* _THE PROBLEM_:
Reproduce the listing below exactly, minus its pictures.

* _SOURCE DATA_:
___

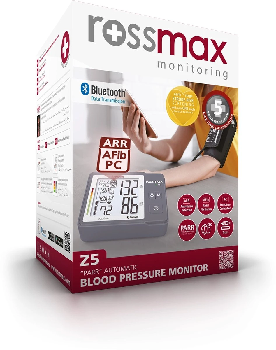 De Rossmax Z5 is een door de hartstichting aanbevolen klinisch gevalideerde bovenarm bloeddrukmeter. Deze nieuwe geavanceerde bloeddrukmeter van de Zwitserse fabrikant Rossmax is voorzien van hoogwaardige technologie, zoals o.a. ARR/AFib detectie, ARR/PC detectie en een smartphone verbinding. Met de ARR/AFib detectie kan de bloeddrukmeter signalen van boezemfibrilleren detecteren. De ARR/PC of Premature Contractie Detectie is uniek, geen enkel ander merk heeft deze technologie. Met deze detectie gaat de bloeddrukmeter na of er tijdens het meten een ‘extra’ hartslag is geweest. Teveel ‘extra’ hartslagen heeft namelijk een negatieve invloed op de werking van het hart. Met de smartphone verbinding kunt u via Bluetooth uw gemeten bloeddrukwaarden synchroniseren met de Healthstyle App van Rossmax op uw smartphone.
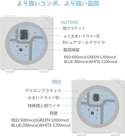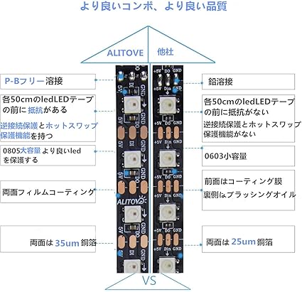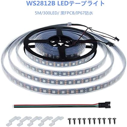 ALITOVE LEDテープライト WS2812Bアドレス可能 5050RGB SMD 5m 300個ピクセル夢色 防水 黒いベース イルミネーション ledライト DC 5V
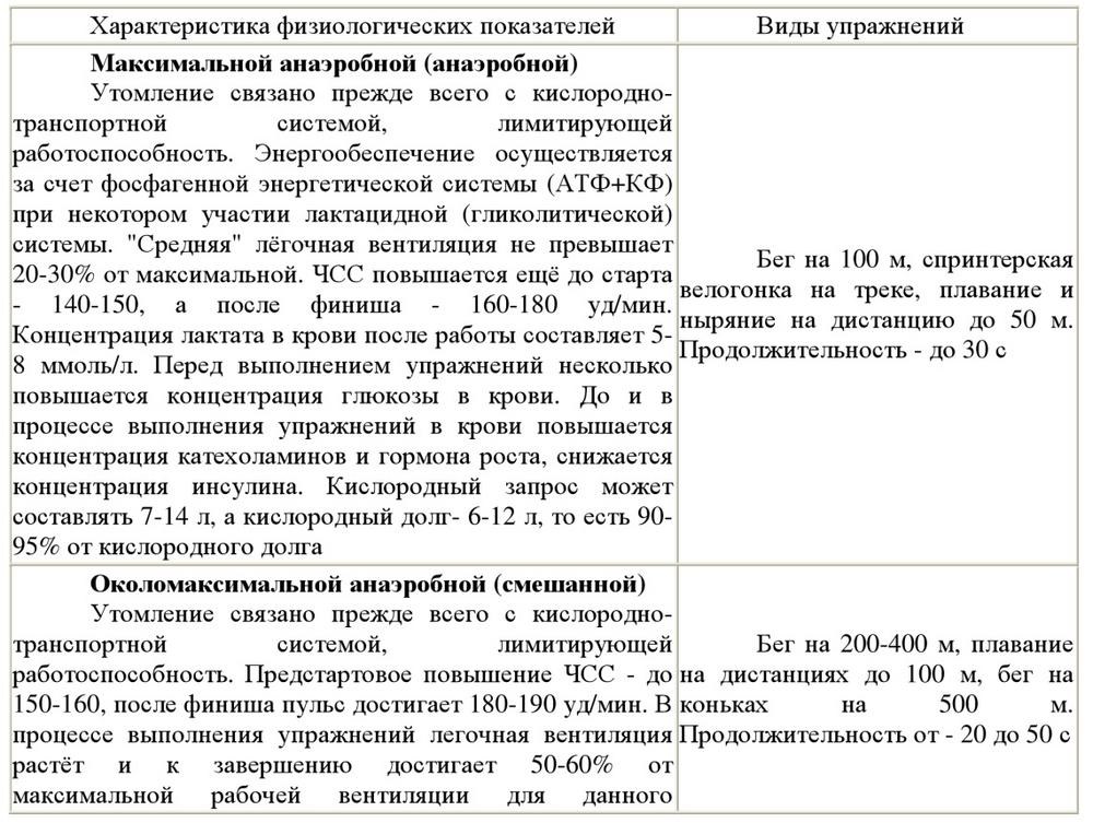 Тренировочная и соревновательная деятельность спортсмена включает в себя выполнение упражнений различной мощности и продолжительности, циклических и ациклических, и т.д. При этом, естественно, возможно проявление различных механизмов и локализации утомления, показанные в табл. 3 [Коц Я.М., 1986; Мищенко B.C., 1990].

___

* _YOUR SOLUTION_:
 De Rossmax Z5 is een door de hartstichting aanbevolen klinisch gevalideerde bovenarm bloeddrukmeter. Deze nieuwe geavanceerde bloeddrukmeter van de Zwitserse fabrikant Rossmax is voorzien van hoogwaardige technologie, zoals o.a. ARR/AFib detectie, ARR/PC detectie en een smartphone verbinding. Met de ARR/AFib detectie kan de bloeddrukmeter signalen van boezemfibrilleren detecteren. De ARR/PC of Premature Contractie Detectie is uniek, geen enkel ander merk heeft deze technologie. Met deze detectie gaat de bloeddrukmeter na of er tijdens het meten een ‘extra’ hartslag is geweest. Teveel ‘extra’ hartslagen heeft namelijk een negatieve invloed op de werking van het hart. Met de smartphone verbinding kunt u via Bluetooth uw gemeten bloeddrukwaarden synchroniseren met de Healthstyle App van Rossmax op uw smartphone.
 ALITOVE LEDテープライト WS2812Bアドレス可能 5050RGB SMD 5m 300個ピクセル夢色 防水 黒いベース イルミネーション ledライト DC 5V
 Тренировочная и соревновательная деятельность спортсмена включает в себя выполнение упражнений различной мощности и продолжительности, циклических и ациклических, и т.д. При этом, естественно, возможно проявление различных механизмов и локализации утомления, показанные в табл. 3 [Коц Я.М., 1986; Мищенко B.C., 1990].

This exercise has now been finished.